How does the .NET CLR distinguish between Managed from Unmanaged Pointers?

Question

Everything is ultimately JITed into native machine code, so ultimately, we have a native stack in .NET which the GC needs to scan for object pointers whenever it does a garbage collection.

Now, the question is: How does the .NET garbage collector figure out if a pointer to an object inside the GC heap is actually a managed pointer or a random integer that happens to have a value that corresponds to a valid address?

Obviously, if it can't distinguish the two, then there can be memory leaks, so I'm wondering how it works. Or -- dare I say it -- does .NET have the potential to leak memory? :O

Answer 1

As others have pointed out, the GC knows precisely which fields of every block on the stack and the heap are managed references, because the GC and the jitter know the type of everything.

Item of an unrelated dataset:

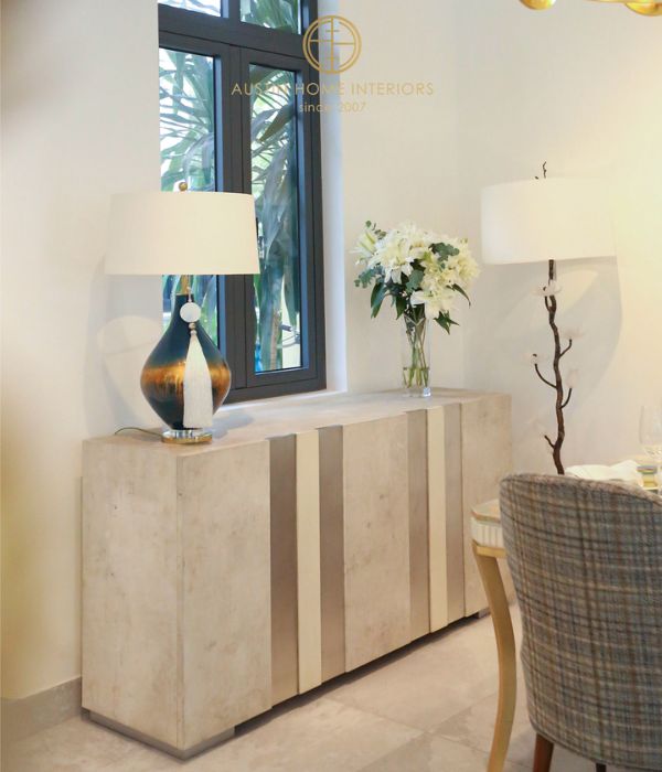 The Pristine cabinet, finished in a refined beluga style, pairs beautifully with the Astralis chandelier from John Richard, creating a warm and elegant focal point. Completing the space is the artistic “Lotus on the Mountain” painting, bringing a sense of serenity and understated elegance to the entire dining room.

However, your point is well-taken. Imagine an entirely hypothetical world in which there are two kinds of memory management going on in the same process. For example, suppose you have an entirely hypothetical program called "InterMothra Chro-Nagava-Sploranator" written in C++ that uses traditional COM-style reference-counted memory management where everything is just a pointer to process memory, and objects are released by invoking a Release method the correct number of times. Suppose Sploranator hypothetically has a scripting language, JabbaScript, that maintains a garbage-collected pool of objects.

Trouble arises when a JabbaScript object has a reference to a non-managed Sploranator object, and that same Sploranator object has a reference right back. That's a circular reference that cannot be broken by the JabbaScript garbage collector, because it doesn't know about the memory layout of the Sploranator object. So there is the potential here for memory leaks.

One way to solve this problem is to rewrite the Sploranator memory manager so that it allocates its objects out of the managed GC pool.

Another way is to use a heuristic; the GC can dedicate a thread of a processor to scan all of memory looking for integers that happen to be pointers to its objects. That sounds like a lot, but it can omit pages that are uncommitted, pages in its own managed heap, pages that are known to contain only code, and so on. The GC can make a guess that if it thinks an object might be dead, and it cannot find any pointer to that object in any memory outside of its control, then the object is almost certainly dead.

The down side of this heuristic is of course that it can be wrong. You might have an integer that accidentally matches a pointer (though that is less likely in 64 bit land). That would extend the lifetime of the object. But who cares? We are already in the situation where circular references can extend the lifetimes of objects. We're trying to make that situation better, and this heuristic does so. That it is not perfect is irrelevant; it's better than nothing.

The other way it can be wrong is that Sploranator could have encoded the pointer, by, say, flipping all of its bits when storing the value and only flipping it back right before the call. If Sploranator is actively hostile to this GC heuristic strategy then it doesn't work.

Resemblance between the garbage collection strategy outlined here and the actual GC strategy of any product is almost entirely coincidental. Eric's musings about implementation details of garbage collectors of hypothetical non-existing products are for entertainment purposes only.

Answer 2

The garbage collector doesn't need to infer whether a particular byte pattern (whether 4 or 8 bytes) is a pointer or not - it already knows.

In the CLR everything is strongly typed, so the garbage collector knows whether the bytes are an int, a long, an object reference, an untyped pointer, etc etc.

The layout of an object in memory is defined at compile type - metadata stored in the assembly gives the type and location of every member of the instance.

The layout of stack frames is similar - the JITter lays out the stack frame when the method is compiled, and keeps track of what kinds of data are stored where. (It's done by the JITter to allow for different optimizations depending on the capabilities of your processor).

When the garbage collector runs, it has access to all this metadata, so it never needs to guess whether a specific bit pattern might be a reference or not.

Eric Lippert's blog is a good place to find out more - References are not addresses would be a place to start.